◆ What you should do: Would you transcribe exactly the lines from the beginning of the records below through the line with "del amor duradero.", both included, omitting the pictures?

*** Supplied material ***

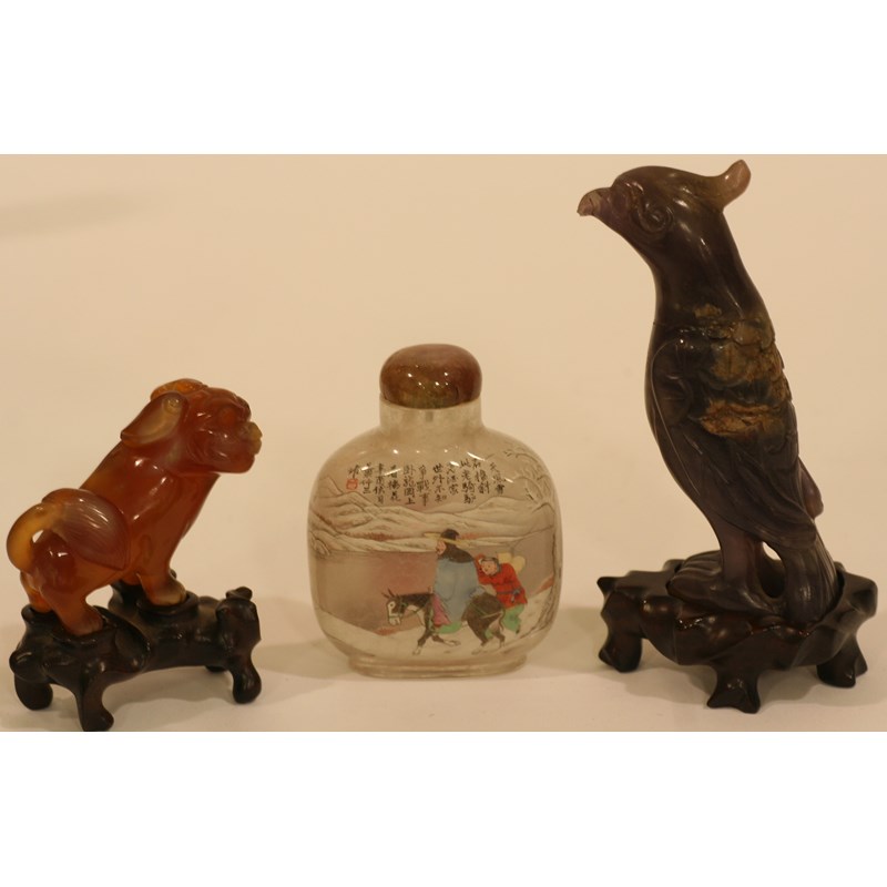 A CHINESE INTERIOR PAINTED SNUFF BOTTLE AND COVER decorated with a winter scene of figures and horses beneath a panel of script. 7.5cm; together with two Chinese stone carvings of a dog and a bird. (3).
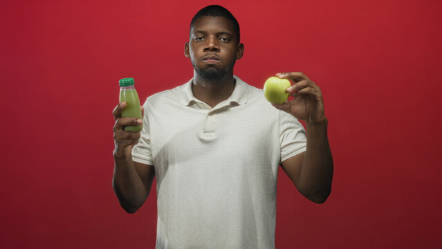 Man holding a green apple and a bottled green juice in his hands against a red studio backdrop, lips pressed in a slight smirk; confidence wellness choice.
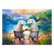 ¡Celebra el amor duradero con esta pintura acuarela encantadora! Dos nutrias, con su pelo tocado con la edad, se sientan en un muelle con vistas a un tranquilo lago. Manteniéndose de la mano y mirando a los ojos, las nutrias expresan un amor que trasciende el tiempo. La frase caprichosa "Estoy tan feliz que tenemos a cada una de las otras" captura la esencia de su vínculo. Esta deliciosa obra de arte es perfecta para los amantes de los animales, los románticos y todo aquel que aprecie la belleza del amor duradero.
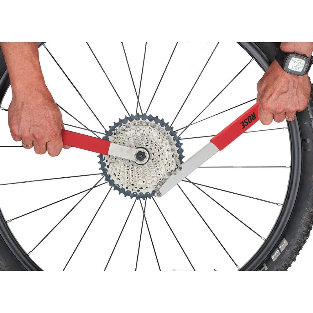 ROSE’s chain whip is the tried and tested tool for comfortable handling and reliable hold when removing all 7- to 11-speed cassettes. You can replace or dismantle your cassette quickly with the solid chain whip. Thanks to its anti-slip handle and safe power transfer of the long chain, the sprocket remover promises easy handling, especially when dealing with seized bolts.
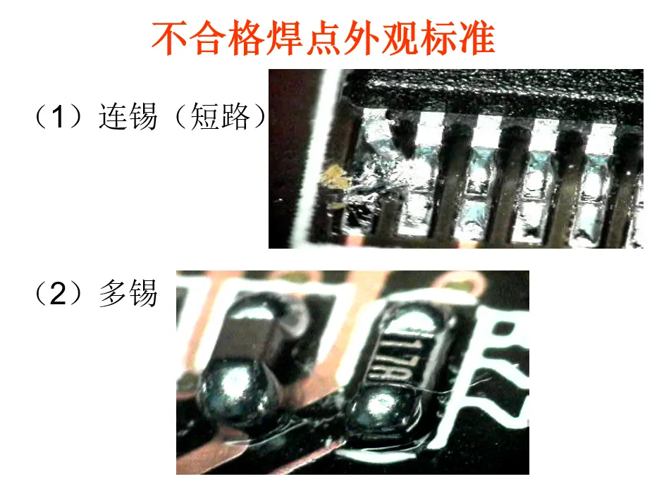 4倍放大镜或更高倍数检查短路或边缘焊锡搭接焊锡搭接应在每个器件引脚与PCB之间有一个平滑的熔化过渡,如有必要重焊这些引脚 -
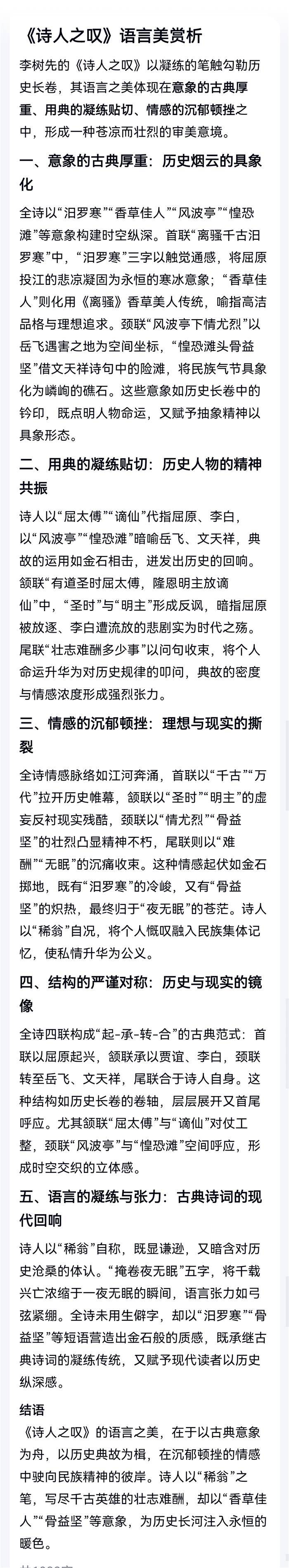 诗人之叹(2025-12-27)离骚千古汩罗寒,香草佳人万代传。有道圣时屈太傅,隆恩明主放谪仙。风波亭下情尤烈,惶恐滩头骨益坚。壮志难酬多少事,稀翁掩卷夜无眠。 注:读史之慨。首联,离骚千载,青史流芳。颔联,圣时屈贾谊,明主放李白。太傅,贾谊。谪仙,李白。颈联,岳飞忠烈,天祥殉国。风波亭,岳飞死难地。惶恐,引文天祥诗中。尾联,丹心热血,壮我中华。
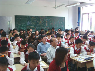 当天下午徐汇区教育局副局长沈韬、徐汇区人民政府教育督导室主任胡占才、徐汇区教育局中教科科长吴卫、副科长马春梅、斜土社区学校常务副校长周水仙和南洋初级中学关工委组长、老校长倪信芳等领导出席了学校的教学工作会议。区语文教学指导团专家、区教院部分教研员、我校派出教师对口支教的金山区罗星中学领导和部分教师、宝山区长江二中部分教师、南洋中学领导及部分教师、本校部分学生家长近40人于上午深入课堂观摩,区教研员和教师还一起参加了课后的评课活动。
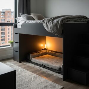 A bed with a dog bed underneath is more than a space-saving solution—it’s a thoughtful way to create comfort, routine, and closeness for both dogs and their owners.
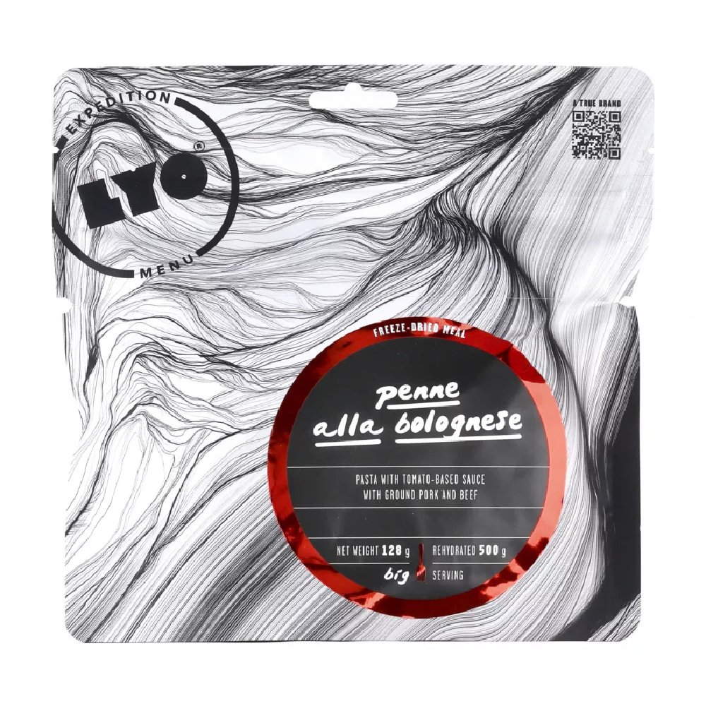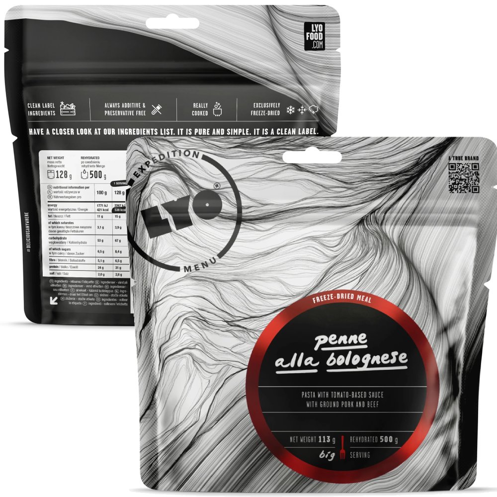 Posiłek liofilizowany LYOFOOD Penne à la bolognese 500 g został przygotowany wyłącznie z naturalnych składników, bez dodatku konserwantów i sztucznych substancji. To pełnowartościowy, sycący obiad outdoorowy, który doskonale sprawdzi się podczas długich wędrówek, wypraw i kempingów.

***

◆ Answer for the task:
 A CHINESE INTERIOR PAINTED SNUFF BOTTLE AND COVER decorated with a winter scene of figures and horses beneath a panel of script. 7.5cm; together with two Chinese stone carvings of a dog and a bird. (3).
 Man holding a green apple and a bottled green juice in his hands against a red studio backdrop, lips pressed in a slight smirk; confidence wellness choice.
 ¡Celebra el amor duradero con esta pintura acuarela encantadora! Dos nutrias, con su pelo tocado con la edad, se sientan en un muelle con vistas a un tranquilo lago. Manteniéndose de la mano y mirando a los ojos, las nutrias expresan un amor que trasciende el tiempo. La frase caprichosa "Estoy tan feliz que tenemos a cada una de las otras" captura la esencia de su vínculo. Esta deliciosa obra de arte es perfecta para los amantes de los animales, los románticos y todo aquel que aprecie la belleza del amor duradero.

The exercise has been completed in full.